Here, we present the first concerted effort to detect genes undergoing balancing selection across the genome in human populations. We use a data set of unascertained SNPs and apply a method that contrasts patterns of polymorphism in each gene to the rest of the genome as well as to neutral expectations. Because the timing and type of selection affect its genomic signature, we focus on the identification of genes with strong signals of long-term balancing selection maintaining an excess of intermediate-frequency variants. We find a small but strongly supported set of genes with signatures of selection, providing an unbiased catalog of candidate targets of balancing selection in the human genome.
Analyses were performed using polymorphism and divergence data obtained from a complete survey of coding variability in 13,400 human RefSeq genes by direct sequencing of all their well-annotated exons in 39 human subjects (19 African Americans [AA] and 20 European Americans [EA]). The data are described in Bustamante et al. (2005), and a strict bioinformatics pipeline ensured true homology and the use of only well-supported SNPs, as described in Boyko et al. (2008). Substantial effort was taken to avoid biological and technical confounding factors. The original bioinformatics pipeline involved reciprocal Blast searches to avoid misalignments and required a unique high-quality match to the public human chimpanzee sequence PanTro2 (Chimpanzee Sequence and Analysis Consortium 2005) (supplementary Methods, Supplementary Material online). Also, only genes with unique products with in silico polymerase chain reaction (http://genome.ucsc.edu) were used. This process checks for multiple genomic matches of the amplification primers and detects cases of putative nonspecific amplification. Finally, extreme (significant) genes were extensively checked for the presence of close paralogs, including segmental duplications, through BLAT searches of the March 2006 Human Genome Sequence Assembly and test of involvement in segmental duplications (Human Segmental Duplication Database [Cheung et al. 2003]). Fixed differences with respect to chimpanzee and ancestral state of human SNPs were assessed by comparison with PanTro2 chimpanzee reference sequence (Chimpanzee Sequence and Analysis Consortium 2005).
A total of 4,877 genes had at least ten informative sites (polymorphic or fixed relative to chimpanzee) and were further considered. This condition filtered out genes that lacked sufficient information for a valid test without biasing the data set. Also, all genes had to contain at least one polymorphic site for neutrality tests to be performed. These data do not suffer from ascertainment bias, have power to detect the localized signals of long-term balancing selection, and are expected to contain the majority of common variants in these populations. In short, this is a particularly well-suited data set for the detection of balancing selection.

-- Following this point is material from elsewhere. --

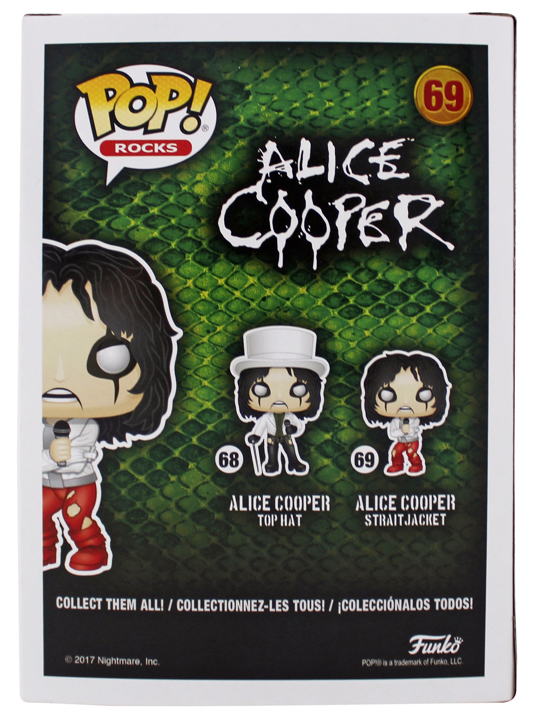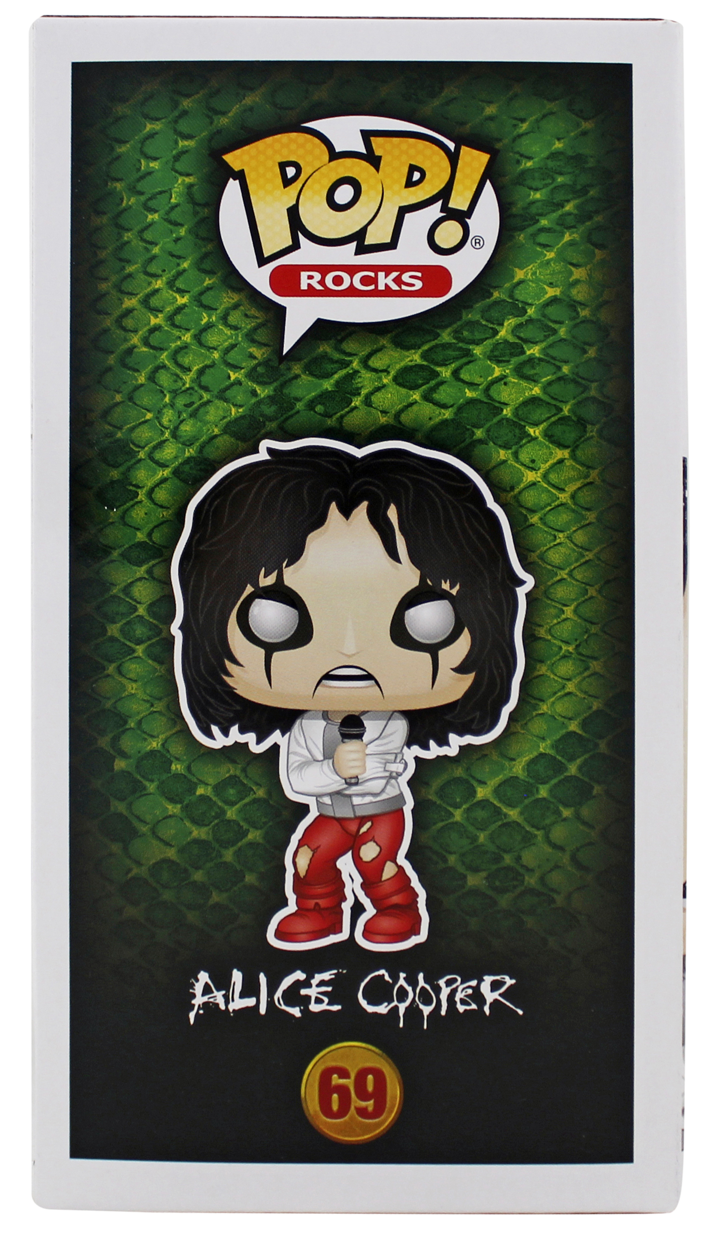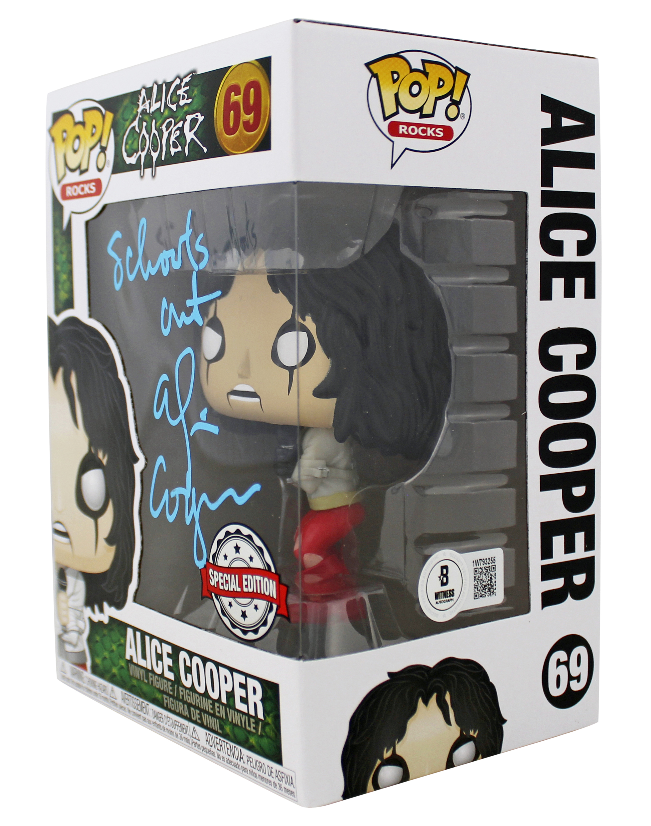 This Autographed #69 w/ Blue Signature Funko Pop Vinyl Figure with the inscription of "Schools Out" has been Personally Signed by Alice Cooper. This item is 100% Authentic to include a hologram by Beckett Authentication Services. This item will come with an affixed Beckett Authentication Services (BAS) authentication sticker, which includes a scannable QR code to verify authenticity. Please note that Beckett no longer provides serial-numbered COA cards, and the attached BAS sticker will serve as the complete authentication for this item. This is a BAS Witnessed Protection Program item which means a Beckett Authentication Service representative was present when this item was being signed. We conducted an autograph signing with Alice Cooper where multiples of the same item were signed. While the photographs are representative of this item, the size, placement and strength of the signature may vary. Each item is hand signed, therefore, each autograph is unique. This item will ship in a Pop! Protector, please refer to the photos for condition of the item prior to purchase, these are in good condition but would not be considered mint.

The choice of an adequate null model is crucial for detection of selection because some demographic scenarios can mimic the effects of selection on diversity. To avoid such confounding effects, we applied a method designed to minimize the effects of demography in neutrality tests (Nielsen et al. 2009). In essence, the method uses the complete data set to estimate parameters of the past demographic history that best fit the data and considers such estimates as the null (neutral) demographic model against which neutrality is tested.

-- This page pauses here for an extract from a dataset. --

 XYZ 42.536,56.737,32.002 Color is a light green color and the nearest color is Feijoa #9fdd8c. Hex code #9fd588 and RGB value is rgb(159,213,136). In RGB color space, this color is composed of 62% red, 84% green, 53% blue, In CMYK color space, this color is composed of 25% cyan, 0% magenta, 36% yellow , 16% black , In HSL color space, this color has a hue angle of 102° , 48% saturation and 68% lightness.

All demographic inferences were based on the complete data set (13,400 genes). Briefly, the method infers admixture proportions of individuals using a maximum likelihood (ML) method. The demographic parameters that best fit the data are estimated using an (composite) ML approach through coalescent simulations and considering the estimated admixture proportions. Demography was inferred separately for the X and autosomes due to the possibility of sex-specific differential migration. The best-fit demographic model allows for a bottleneck in Europeans upon emergence from Africa and exponential growth in both populations (fig. 2 legend and supplementary Methods, Supplementary Material online). It provides a very good fit of the data, indicating that the demographic scenario explains most of the patterns observed in the data (Nielsen et al. 2009).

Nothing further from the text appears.